The alleyways are narrow and silent. No boat traffic. No lapping waves. Just the sound of a single radio playing opera from a third-floor window. Clotheslines stretch between buildings, and the laundry hangs limp in the humid air. A cat watches you from a rusted fire escape. It has one eye and no fear.

If you find it, order the baccalà . Cry a little. It's allowed.

The neural implant pings: Your experience concludes in 00:03:00. Please make your way to the nearest extraction point. Thank you for visiting Venice 2089. venice 2089 walkthrough

The Guideca Canal runs deep — deeper than it should. In 2062, a MOSE caisson failed during installation, and the resulting surge scoured a trench down to Roman-era foundations. The dredging revealed something unexpected: a second Venice, buried.

You realize you have been crying. You don't know when it started.

You take the underwater pedestrian tunnel instead. It was bored through the silt in 2074. The walls are transparent biopolymer, and as you walk, you watch the city's submerged ground floors drift past: abandoned bakeries, a jewelry shop with mannequin torsos still wearing pearl necklaces, a pharmacy where the neon cross flickers on and off every 2.3 seconds (solar backup, low power). The Grand Canal is no longer a canal

Arrivederci.

You emerge on the San Polo side. The air smells of salt, coffee, and something metallic — the hum of the city's massive MOSE 2.0 barriers, which close every night at 22:00 and reopen at 06:00. During the closures, Venice sleeps inside a steel-and-concrete bathtub.

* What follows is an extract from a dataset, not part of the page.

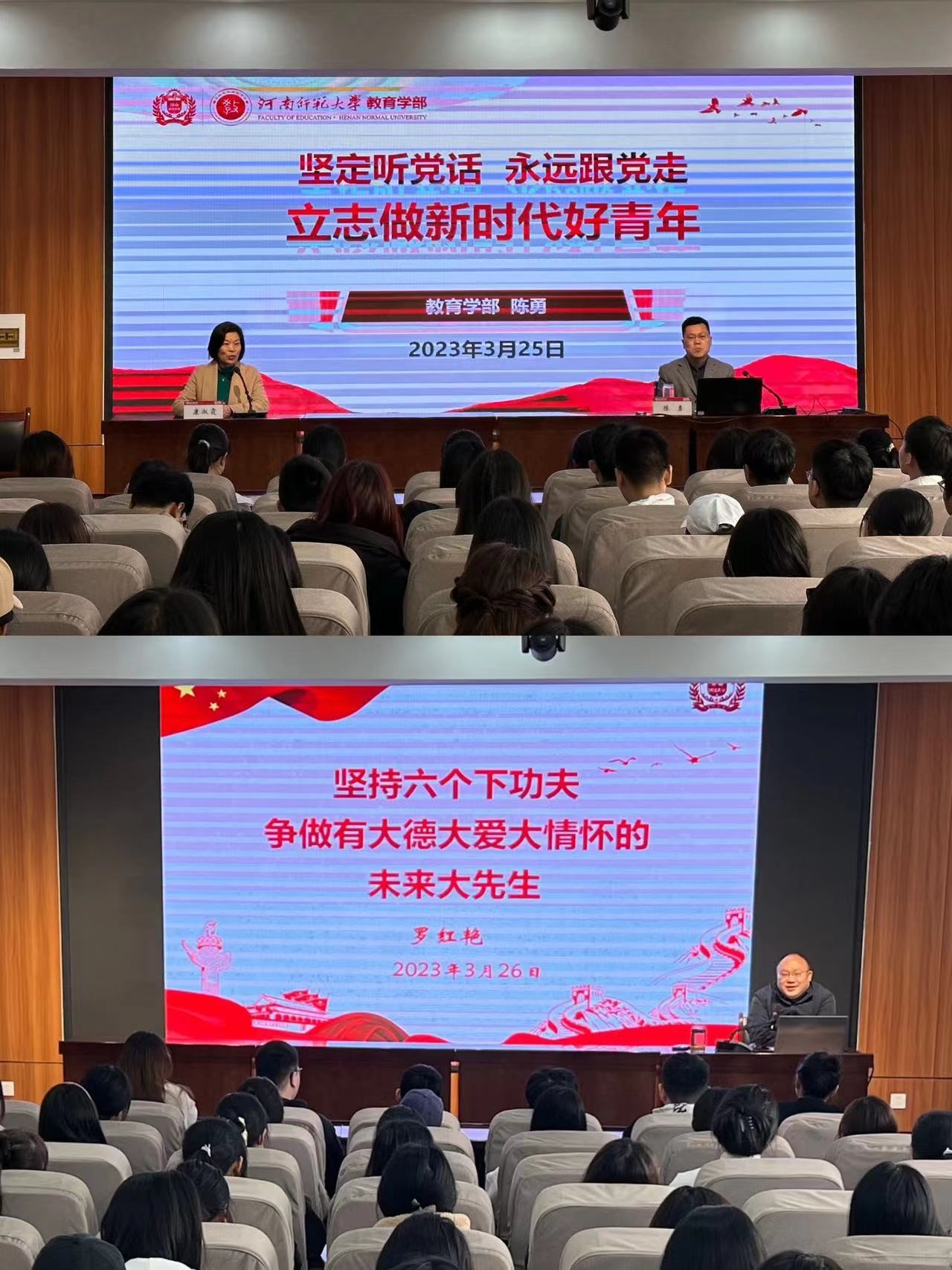 为深入学习贯彻习近平新时代中国特色社会主义思想和党的二十大精神,进一步加强大学生思想政治教育,全面落实立德树人根本任务,3月25日下午和3月26日上午,学部党委书记陈勇、学部部长罗红艳先后在田家炳教育书院819会议室为学生讲授思政第一课。

Do not touch the water here. It contains traces of sacred corrosion. Also, eels. 00:23 — RIALTO SUBMERSION ZONE The alleyways are narrow and silent

For reasons no hydrologist can fully explain, this northeastern pocket of the city remains mostly above water. The ground is damp but walkable. The residents here are the old ones — the stubborn ones — the ones who remember before .

A water bus passes. Its electric motor is nearly silent. A child waves at you. You wave back.